Baby taken from D.C. bus station would be 26 now

Marie Williams was sitting with her 3-month-old baby girl on Dec. 2, 1983, in the District’s Trailways bus terminal waiting out a three-hour layover on her way from Suffolk to Kansas when a young woman struck up a conversation.

The woman, described as being in her early 20s, asked the 18-year-old mother if she could hold her baby. Marie Williams handed over April Nicole Williams. A few minutes later, the other woman said she was going to get a soda and took April Williams with her. She walked into a nearby Hardee’s and never returned.

The manhunt that followed was one of the largest the District had ever seen. Police scoured the region for months and searched for leads. They chased down tips from hundreds of phone calls.

At one point, Marie Williams was hypnotized and brought back to the bus station where police re-enacted the scene, hoping she might have missed something. She was only able to tell police that the woman had said she shared a middle name with the baby, and that, like the child, her astrological sign also was Leo.

District robbery Detective Robert Groat, who was assigned to the case early on, told The Washington Post that in cases like Williams’, the kidnapper is typically “somebody who loves children and can’t have any.”

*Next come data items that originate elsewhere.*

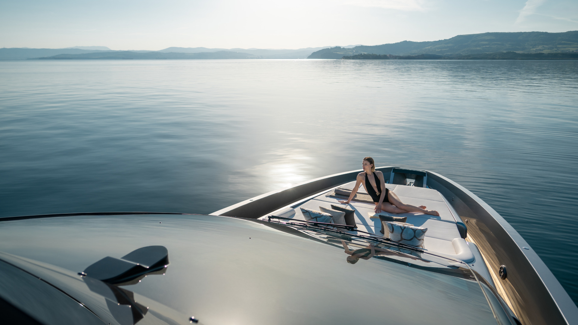 La sua architettura esalta il contatto diretto con il mare, grazie a spazi più ampi del 10–30% rispetto ad altri yacht della categoria. Il dinamico profilo esterno riprende i tratti tipici della gamma, combinando sportività e leggerezza. Sul main deck, l’area poppiera si sviluppa su due livelli: una beach area ampliabile fino a 23 metri quadri con terrazze apribili e plancetta “dual linear lift”, e un pozzetto conviviale ombreggiato dallo sportfly.
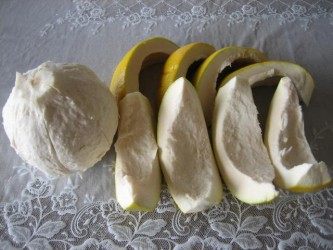2週間前、熊本名産の晩白柚=ばんぺいゆ(世界最大の柑橘類)がジョイフルホンダで 売っていた。あまりの大きさにビックリ〜 スーパーで売っているのは珍しい事なので、記念に買ってきた。(笑) 名前だけは知っていたが、見たのは始めて。。特大のグレープフルーツの様だ。 晩白柚の大きさが分かるようにと、デコポンを隣に置いてみたけど、 まるでミカンみたいに小さく見えるネ。 重さを量ると1.8kg位あった。 普通は2〜3kgの大きさらしいから小さい方の部類みたい。 この大きさは皮の厚さからくるもので、中身はビックリする程小さいよ〜(笑) 味は文旦に似ているけど、ちょっと違う。 あっさりとしていて、ほとんど苦味はない。しっかりとした噛みごたえのある食感。 甘さも弱いし味はイマイチかな〜と思ったが、次の日、また食べたくなる。 なんかくせになる美味しさなのだ。 私好みの味わいだと思った。
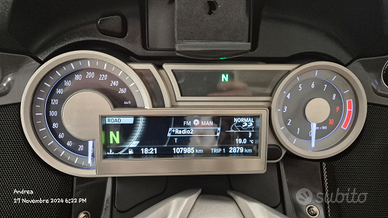 Chiusura centralizzata, luce a pavimento e nel top case, selle e manopole riscaldate, radio, cruise controlli, abs, esa, tcs, luci full led, faro anteriore adattivo, frecce dello z4, tre diverse mappature centralina, parabrezza regolabile elettricamente, borsa serbatoio, e borse aggiuntive per bauletti laterali fatte a mano con copertura antipioggia, due supporti telefono. Portapacchi isotta alluminio nero opaco su tutti i bauletti.
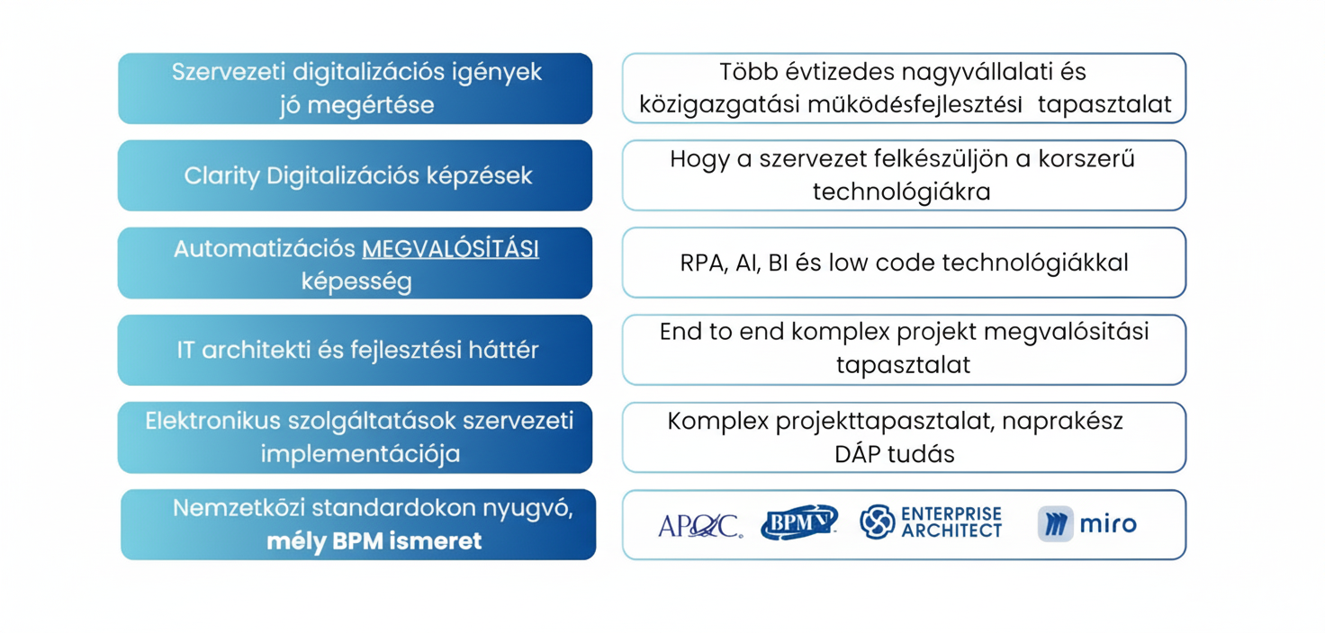 Itt a Clarity-ben felismertük ezt a nehézséget az ügyfeleinknél. Mivel nagy tapasztalatunk van a szervezeti digitalizációs igények jó megértésében, és jól ismerjük a technológiai lehetőséget (mi magunk is vezetünk be robotokat, intelligens megoldásokat), az igények és a technológia megfelelő párosításával tudunk a legtöbb értéket teremteni. Na meg azzal, ha közben tanítjuk is az ügyfeleket az új technológiákra.

One year later, Marie Williams held a rally at the Trailways station, hoping to keep attention on the case. By then, she had already had another baby, and a police task force searching for the missing child that had numbered eight officers had dwindled to one, Sgt. Peter Mulligan.

“There will probably come a point somewhere down the line where we’ll just have to face the reality that there’s nothing more we can do,” Mulligan told The Post at the time. “But the book on this case won’t be closed until I’m absolutely positive that nothing else can be done.”